This is truly a great weekend in Comic Book Land, with back-to-back national holidays: Today is Spider-Man 3 Day, and tomorrow is Free Comic Book Day (which also makes tonight Free Comic Book Day Eve, I guess).
Regarding the former, it seems I may be just about the only film critic in the country who really loved Sam Raimi's third swing at Spidey. Maybe I'm exaggerating a little, but if so, it's not intentional, and only stems from my not having read every single Spider-Man review in the world. Of the critics I regularly read though, the reviews seems to run from mixed to negative. As IMDB.com's "Studio Briefing" for the day put it, "Spider-Man faces three villains in his new movie, but he's facing a lot more in the film section of your local newspaper."
For the most part, I've understood where a lot of (the better of) the critics who have disliked it are coming from, and yet, I've gotta say—Batman Forever, people! Superman III, dammit!
Also, I'd like to adjust a statement I made last May, when I called X-Men: The Last Stand the Citizen Kane of superhero franchises' third installments; I think Spider-Man 3 has earned that title, and X-Men will just have to settle for being, I don't know, the Gone With the Wind of superhero franchises' third installments.
Of course, as Las Vegas Weekly critic Mike D'Angelo makes clear in his review, it's not only superhero franchises which tend to suffer in the third installment, it's action franchises in general: "This is the point at which folks start tossing out goofy ideas like, 'What if his dad turns out to be James Bond?' (Indiana Jones and the Last Crusade) or 'Maybe Richard Pryor would attract a whole new demographic' (Superman III) or 'What the heck, let's just kill off almost everyone from the last movie in the first few seconds and start from scratch' (Alien 3)."
Regarding tomorrow's holiday, I'm afraid I might end up missing it completely, due to my work schedule. (If any publishers or shopowners want to send me some freebies, however, the address is up in the righthand corner there; I'd really like the one in the picture). There certainly seems to be a ton of great offerings this year, some of which I ran down previously here. Also, be sure to check out Living Between Wednesdays' insightful rundowns of two FCBD books, Little Archie and Mickey Mouse here.
I'd like to take this opportunity to state for the record one last time that DC giving away JLoA #0 on FCBD? Absolutely retarded.
Contrast it with Marvel's Dan Slott/Phil Jimenez Spidey book.

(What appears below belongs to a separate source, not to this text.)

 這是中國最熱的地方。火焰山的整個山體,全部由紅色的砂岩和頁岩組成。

The audience for the day is newbies, an audience likely consisting of three major demographics: kids, grown-ups who are interested in comics but not addicts and people who already read comics, but maybe not one company or one publisher's particular comic books. If any of these dig the Spidey book and want more Marvel Spider-Man comics, shopowners can easily send the kids to Marvel Adventures Spider-Man digests or singles or Spider-Man Loves Mary Jane digests or singles. If they're adults new to comics and mainly interested in Spidey from the movies, there are a ton of Ultimate Spider-Man trades to suggest. And if they're hardcore readers of supehero comics already, just not Spider-Man ones, well, there's the Marvel Universe Spider-Man. If they're like, "Wow, this writer rules, have any more by him?" then shopowners can push a Spider-Man/Human Torch digest their way.

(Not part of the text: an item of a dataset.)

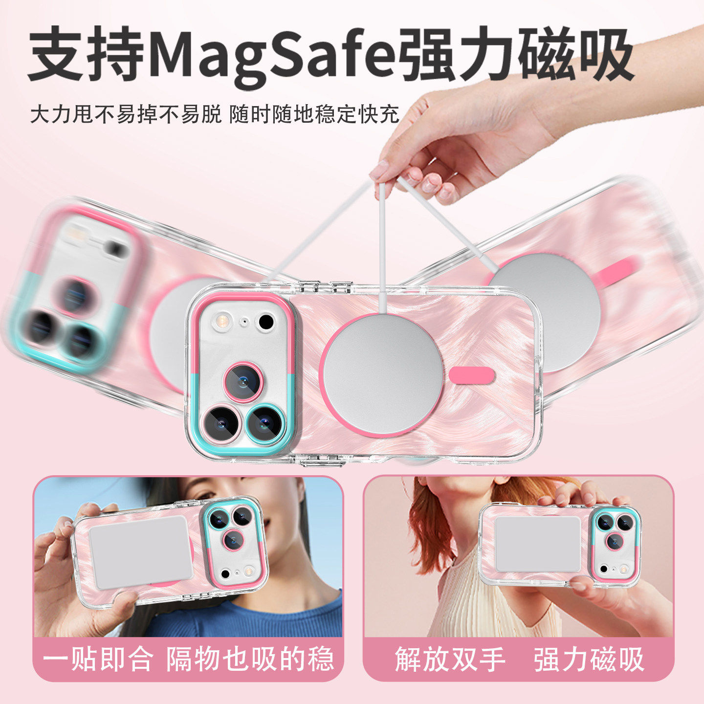 【磁吸羽纱】镭射适用iPhone17Pro手机壳苹果16Promax支架15/14por防摔air全包透硅胶13/12高档11女11p保护套

Now if someone reads and enjoys JLoA #0 for some odd reason (it's basically a clip-show, consisting of clips that never happened, haven't happened yet and, in some cases, never will happen, drawn by an all-star cast of artists), and they want more, what can you offer them? If they just like the idea of the Trinity or the Justice Legue, there are trades galore. But if they like this Meltzer chap's writing, well, there's the continuity-heavy Archer's Quest, the conitnuity-heavy Identity Crisis (featuring a controversial rape scene, ethically repulsive behavior by our heroes and a cover-up by our heroes), or the first eight issues of JLoA, featuring a long, drawn-out, extremely violent storyline revolving around many characters whose heyday was in the late '70s/early '80s. Those are three of the last story arcs I'd reccomend to people who haven't been reading DCU comics for 10 to 40 years already.
Me, I woulda reprinted Kurt Busiek's first Superman issue as a flip-book with Paul Dini's first Detective Comics issue, or maybe a preview of or specially-produced prologue to Jeff Smith's Shazam!: The Monster Society of Evil, or, hell, Mark Waid's best eleven 52 back-up stories.
But no one at DC ever asks my advice on these sorts of things.
Regarding the quote from Mike D'Angelo: isn't Indiana Jones and the Last Crusade sort of the exception to the second sequel rule? Granted, including Indy's dad as one of the main characters is high-concept, but as I recall it was much better received than its predecessor, Indiana Jones and the Temple of Doom . By the fans, at least.
ReplyDeleteI know Last Crusade is pretty popular, and generally more well-liked than Temple, but not here at EDILW HQ--I think Temple of Doom is the greatest acheivement of human civilzation.